Un sourire sur les lèvres, je retirai doucement mes talons hauts. Finalement, je n’allais clairement pas avoir l’occasion de les porter. On ne pouvait pas vraiment dire que cela me déplaisait tant que ça en plus. Au contraire, en plus, puisque je n’aimais pas me tenir sur de pareilles échasses. Disons juste que j’étais un peu triste de ne pas avoir pris une tenue un peu décontractée avec moi. Mais je n’avais pas vraiment prévu une soirée décontractée, à la base. Non que je ne me sente pas bien, là tout de suite, dans cette tenue mais… Bon. ‘Heureusement qu’il ne s’agissait pas d’une robe trop moulante, j’aurais réellement vite fini par me sentir mal à l’aise.

« Ou alors, on pourrait se faire livrer quelque chose non ? Je veux dire… Je ne sais pas toi, mais pour ma part, je ne me sens pas vraiment l’envie de cuisiner »

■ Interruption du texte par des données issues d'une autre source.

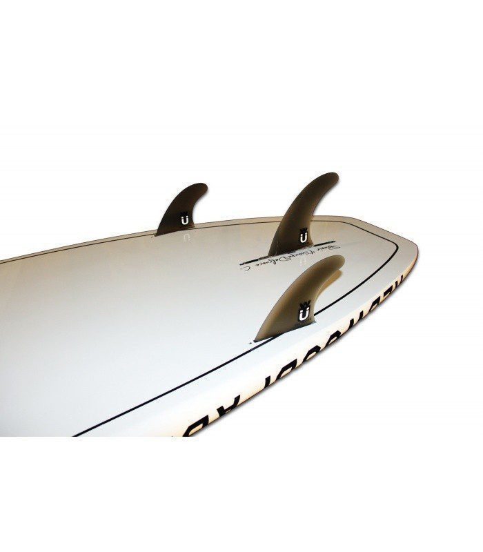 Hemos optado en esta tabla por una configuración de aleta enthruster (3 aletas) para una mayor variedad de opciones en función del uso de la tabla o del estado del mar. Se puede utilizar con tan solo la aleta central para favorecer la velocidad en paseo o con 3 aletas para incrementar la estabilidad, el agarre y el control en las surfeadas.
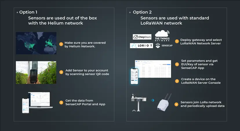 Für die Verwendung der Sensoren ist eine LoRaWAN-Netzwerkabdeckung erforderlich. Es gibt zwei Hauptoptionen:
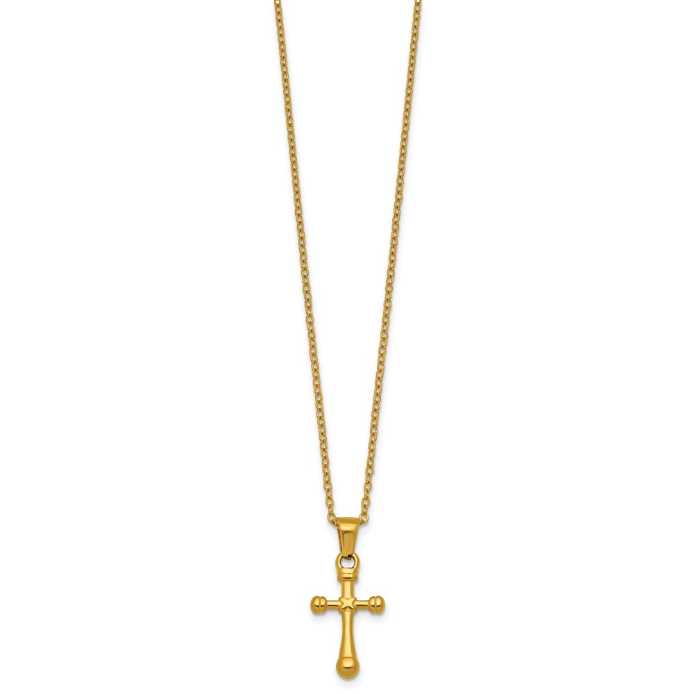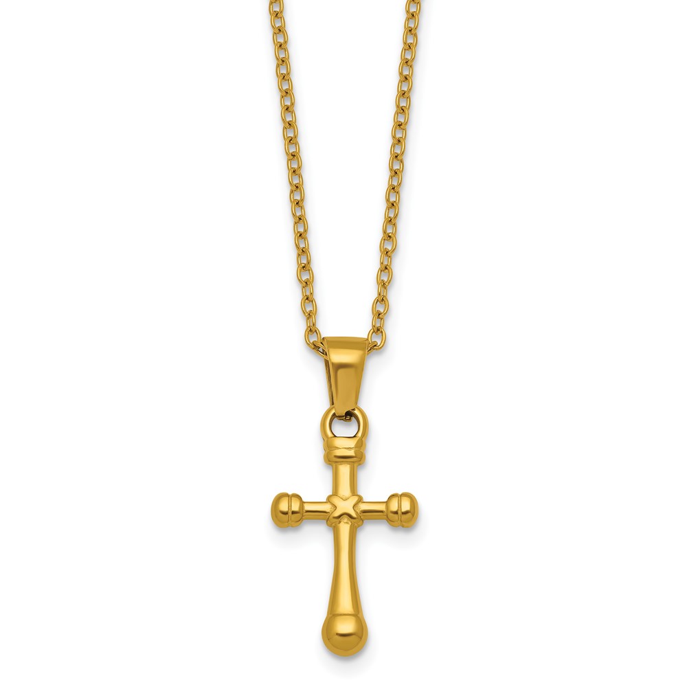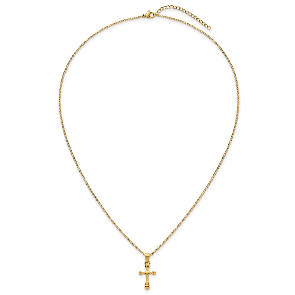 Stainless Steel Polished Yellow IP-plated 20 in w/2 in ext. Cross Necklace
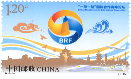 “一带一路”国际合作高峰论坛,于2017年5月14日至15日在中国北京举行,论坛主要活动包括开幕式、领导人圆桌峰会高级别会议三部分。中国国家主席习近平出席高峰论坛开幕式,发表了题为《携手推进“一带一路”建设》的主旨演讲,并主持了领导人圆桌峰会。峰会论坛有29个国家的元首和政府首脑,联合国秘书长、红十字国际委员会主席等重要国际组织负责人以及130多个国家和70多个国际组织的约1500名各界贵宾出席。高峰论坛是“一带一路”提出了3年多来最高规格的论坛活动,是2017年中国重要的主场外交活动,对推动国际和地区合作具有重要意义。“一带一路”国际合作高峰论坛的目的是全面总结“一带一路”建设的积极进展,展现重要早期收获成果,进一步凝聚合作共识,巩固良好的合作态势;共商下一阶段重要合作举措,进一步推动各方加强发展战略对接,深化伙伴关系,实现联动发展;在推进中国经济社会发展和结构调整的同时,推动国际合作,实现合作共赢。为纪念此次高峰论坛,中国邮政发行纪念邮票一套1枚。邮票画面中水纹元素代表了财富和海上丝路,祥云代表了陆上丝绸之路,体现了水利万物和包容、圆融的思想,表达了“加强国际合作,共建一带一路,实现共赢发展”的会议主题。其他元素反映了中国科技发展的成就,表现了联通中外的桥梁和纽带,阐述了此次论坛的“五通”主线,体现了中国与“一带一路”沿线国家一道携手共建、实现和平,发展与繁荣的共同愿景。
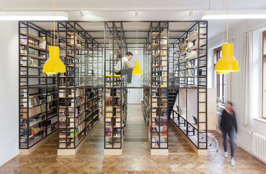 Prístup do vrchného poschodia knižnice je zaistený dvoma schodiskami, ktoré sú súčasťou konštrukcie. Celá knižnica sa tak stáva prístupnou (a priechodnou) nielen pre knihovníka, ale aj pre študentov. Dostatok svetla medzi modulmi zabezpečuje transparentná podlaha z bezpečnostného skla.
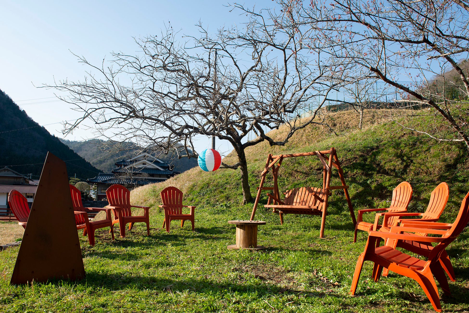 フリースベースには、ガーデンチェア、ブランコ、焚き火台を設置しております。風があっても遊べる「アウトドア・バドミントン」、柔らかくて怪我の心配なくドッジボールができるフリスビー「ドッヂビー」、フィンランド生まれのアウトドアスポーツ「モルック」などの遊び道具も無料で使って頂けます。もちろん、自前のタープやテントを張って本格的なデイキャンプも楽しんで頂けます。夏には徒歩3分の清流で泳いでいただけます。
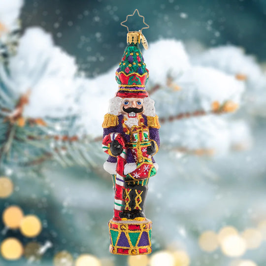 Complete with a Christmas tree crown, this nutcracker is truly a commanding presence! He's ready to make this holiday the best one yet with a candy cane staff and plenty of gifts.
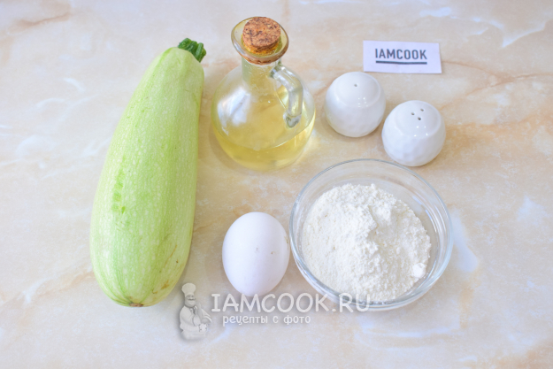 Соберите необходимые ингредиенты для приготовления самых простых оладий из кабачков. Кабачок выбирайте молодой, чтобы в нем еще не было семечек и шкурка была тонкая. Если кабачок взрослый, то грубую шкурку будет необходимо срезать, а сердцевину вырезать.
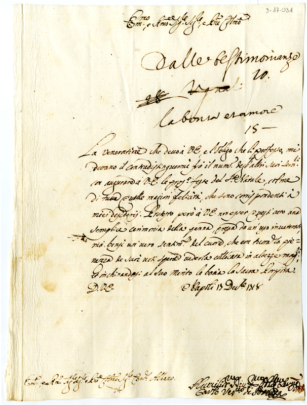 Lettera di Carlo vescovo di Potenza al cardinale Annibale Albani (1718 dicembre 17)
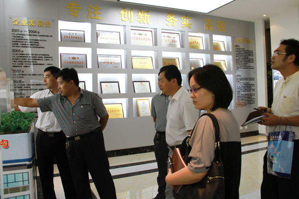 調研團一行不顧勞途奔波,到達公司后,首先參觀了集團公司營銷中心項目管理中心集團文化館,在文化館,集團董事長苗樹文簡單介紹了公司的發展歷程產品結構行業特性以及公司的現狀,隨后調研團領導深入生產一線,了解車間加工能力生產進度,具體詢問了員工的工作環境及生活狀況。
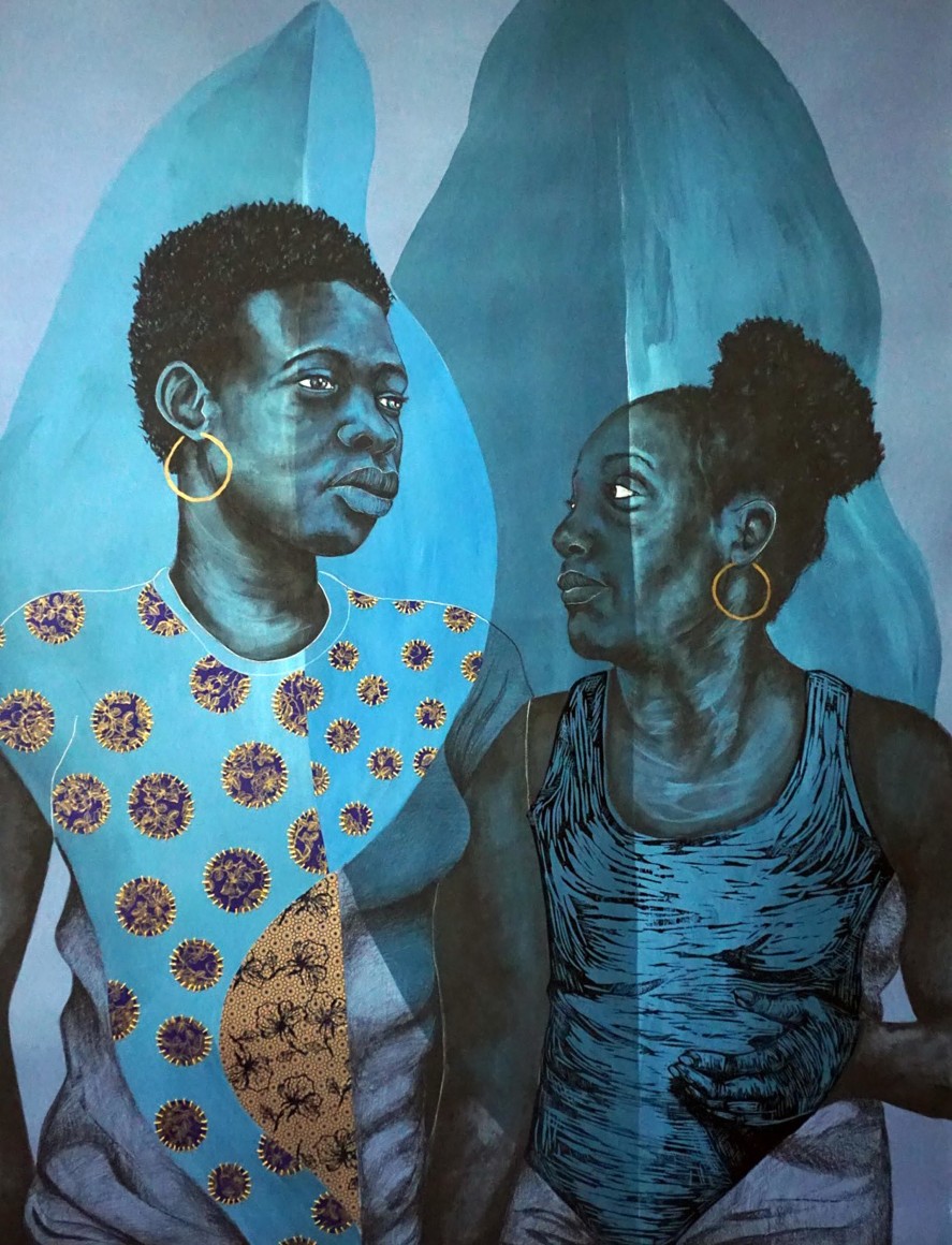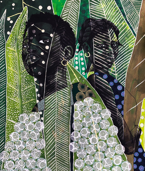 In her second solo exhibition at SJG, Delita Martin explores how women of color have traditionally been defined and commands our attention by giving them prominence through the use of large-scale portraiture. In this new series, printmaker Martin uses a variety of mediums, including various printmaking techniques, painting, drawing, collage and hand-stitching, and even repurposing vintage jewelry into her layering process.
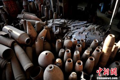 金门居民利用弹壳弹头制造金门菜刀。中新网 王东明 摄
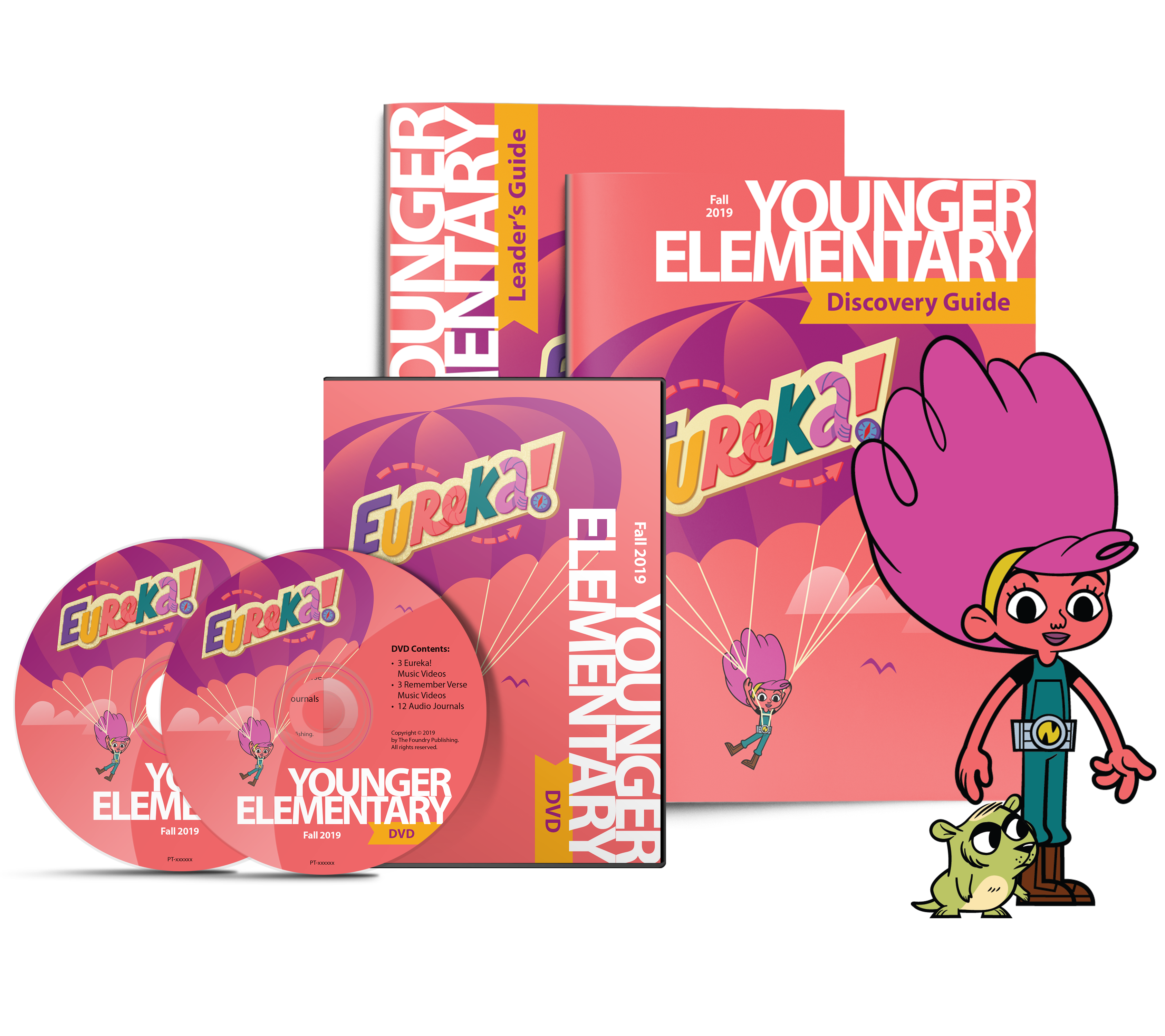 Kai and Scout need help as they explore. These two raccoons will be singing songs, telling stories, and helping preschoolers and kindergarteners memorize Scripture. Each week of Eureka! Jr. will engage little ones in exciting faith discoveries.
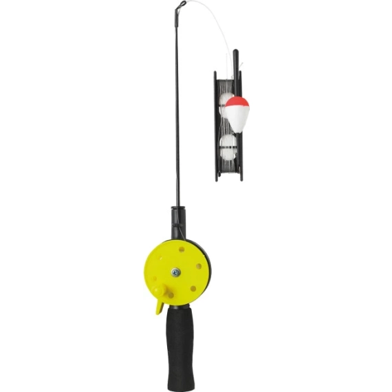 Denne korte fiskestangen av plast og glassfiber gjør det enkelt å fiske fra brygga. Stangen kommer ferdig rigget med krok og sene, klar for agnfiske. Fungerer i både salt- og ferskvann.
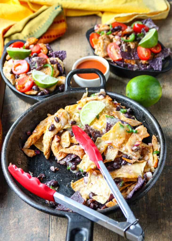 - Layers or not? We like to use layers in a cast iron skillet and make a mountain of nachos, kind of like a nacho lasagna! (And it's fun to serve them in these cute little cast iron mini skillets) However, you can also bake them in one layer on a sheet pan.
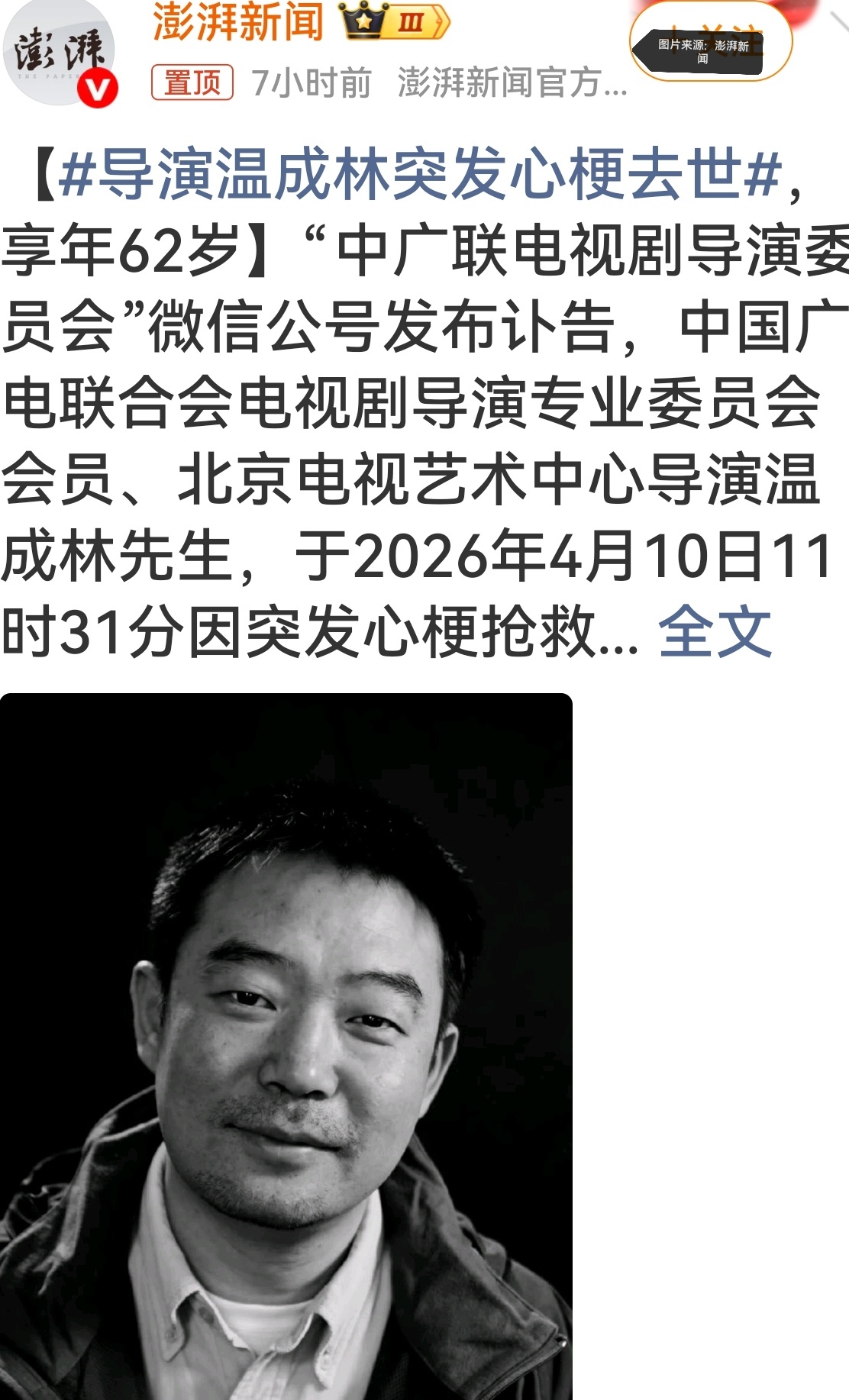 4月11日,中广联电视剧导演委员会发布讣告,知名导演温成林于4月10日上午11点31分,因突发心梗抢救无效离世,享年62岁 。

Il proposa tout ce qu’il avait sous la main et j’étais alors persuadée que nous allions passer un agréable moment. Et pourtant, l’agréable et son prénom n’avaient jamais réellement fonctionné ensemble. C’était à ce point que la situation était étrange. Cela ne me déplaisait plus autant, et pourtant, en arrivant ici, j’avais fini par me dire que j’allais passer une soirée horrible. C’était pour dire.

« Et bien… Nous avons la soirée devant nous alors j’imagine que l’on pourrait commencer par regarder un film, tranquillement et peut être que l’on pourra jouer ensemble à quelque chose ensuite ! Mais attention, je suis une mauvaise perdante ! Les gens me font gagner en fait, souvent »

Et je me mis à rire, comme si les tensions qu’il avait pu y avoir entre nous par le passé avaient d’un seul coup pu s’envoler, pour une raison qui persistait à m’échapper.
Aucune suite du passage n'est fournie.